Department of General Surgery, Comprehensive Breast Health Center, Ruijin Hospital, Shanghai Jiao Tong University School of Medicine, 197 Ruijin Er Road, Shanghai, 200025, China.
Department of Pathology, Ruijin Hospital, Shanghai Jiao Tong University School of Medicine, 197 Ruijin Er Road, Shanghai, 200025, China.
Breast Cancer Res Treat. 2024 Nov;208(2):429-440. doi: 10.1007/s10549-024-07436-1. Epub 2024 Jul 24.
The aim of this study was to assess homologous recombination deficiency (HRD) status and its correlation with carboplatin treatment response in early triple-negative breast cancer (TNBC) patients.
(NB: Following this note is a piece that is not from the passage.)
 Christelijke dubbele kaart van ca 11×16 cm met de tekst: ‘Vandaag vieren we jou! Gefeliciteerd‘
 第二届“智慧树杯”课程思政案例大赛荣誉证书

Tumor tissues from 225 consecutive TNBC patients were evaluated with an HRD panel and homologous recombination-related (HRR) gene expression data. HRD positivity was defined as a high HRD score and/or BRCA1/2 pathogenic or likely pathogenic mutation. Clinicopathological factors, neoadjuvant treatment response, and prognosis were analyzed with respect to HRD status in these TNBC patients.
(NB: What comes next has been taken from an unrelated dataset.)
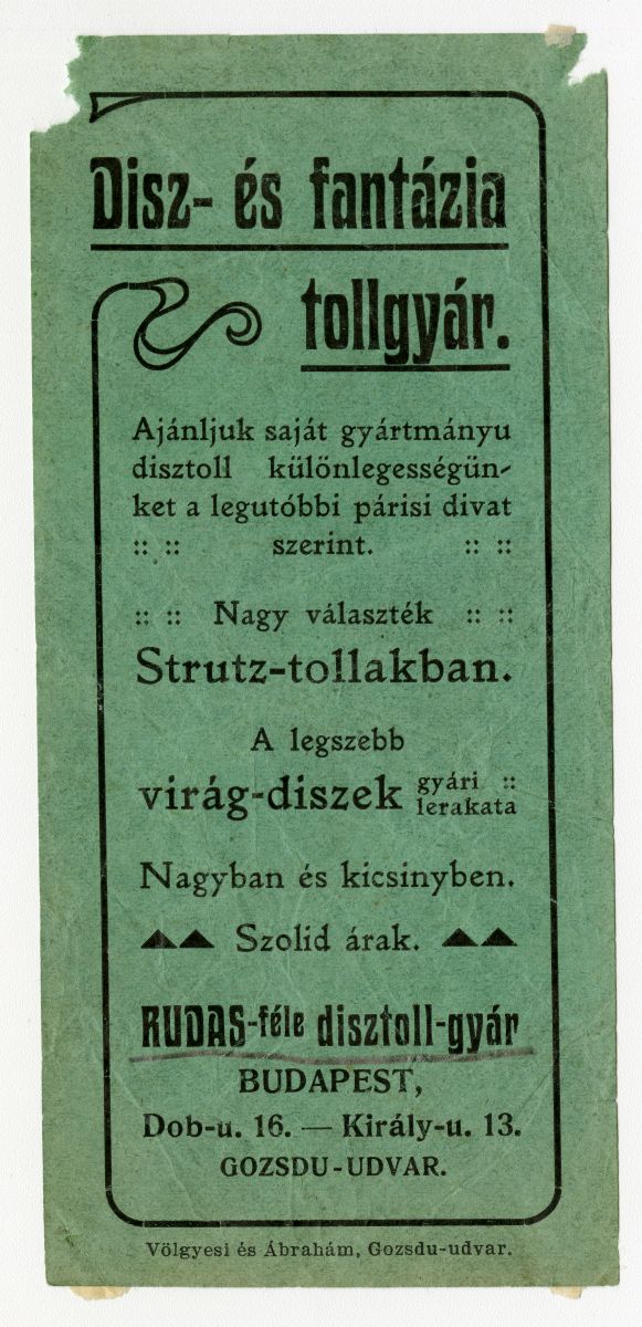 divat, öltözetkiegészítő, virágdísz, díszműáru, kalapdísz, üzlet, reklámnyomtatvány, kisnyomtatvány, aprónyomtatvány, számolócédula
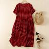 ZANZEA Women Casual Round Neck Grid Print Loose Short Sleeve Dres

HRD positivity was found in 53.3% of patients and was significantly related to high Ki67 levels (P = 0.001). In patients who received neoadjuvant chemotherapy, HRD positivity (P = 0.005) or a high HRD score (P = 0.003) was significantly associated with a greater pathological complete response (pCR) rate, especially in those treated with carboplatin-containing neoadjuvant regimens (HRD positivity vs. negativity: 50.00% vs. 17.65%, P = 0.040). HRD positivity was associated with favorable distant metastasis-free survival (hazard ratio HR 0.49, 95% confidence interval CI 0.26-0.90, P = 0.022) and overall survival (HR 0.45, 95% CI 0.20-0.99, P = 0.049), irrespective of carboplatin treatment.
TNBC patients with high HRDs had high Ki67 levels and BRCA mutations. HRD-positive TNBC patients treated with carboplatin had a higher pCR rate. Patients with HRD positivity had a better prognosis, irrespective of carboplatin treatment, warranting further evaluation.
本研究旨在评估同源重组缺陷(HRD)状态及其与早期三阴性乳腺癌(TNBC)患者卡铂治疗反应的相关性。
对 225 例连续 TNBC 患者的肿瘤组织进行 HRD 面板和同源重组相关(HRR)基因表达数据评估。HRD 阳性定义为高 HRD 评分和/或 BRCA1/2 致病性或可能致病性突变。分析这些 TNBC 患者的 HRD 状态与临床病理因素、新辅助治疗反应和预后的关系。
发现 53.3%的患者 HRD 阳性,且与高 Ki67 水平显著相关(P=0.001)。在接受新辅助化疗的患者中,HRD 阳性(P=0.005)或高 HRD 评分(P=0.003)与更大的病理完全缓解(pCR)率显著相关,特别是在接受含卡铂新辅助方案治疗的患者中(HRD 阳性与阴性:50.00%比 17.65%,P=0.040)。HRD 阳性与无远处转移生存(HR 0.49,95%CI 0.26-0.90,P=0.022)和总生存(HR 0.45,95%CI 0.20-0.99,P=0.049)相关,而与卡铂治疗无关。
高 HRD 的 TNBC 患者具有高 Ki67 水平和 BRCA 突变。接受卡铂治疗的 HRD 阳性 TNBC 患者的 pCR 率更高。HRD 阳性患者的预后更好,而与卡铂治疗无关,值得进一步评估。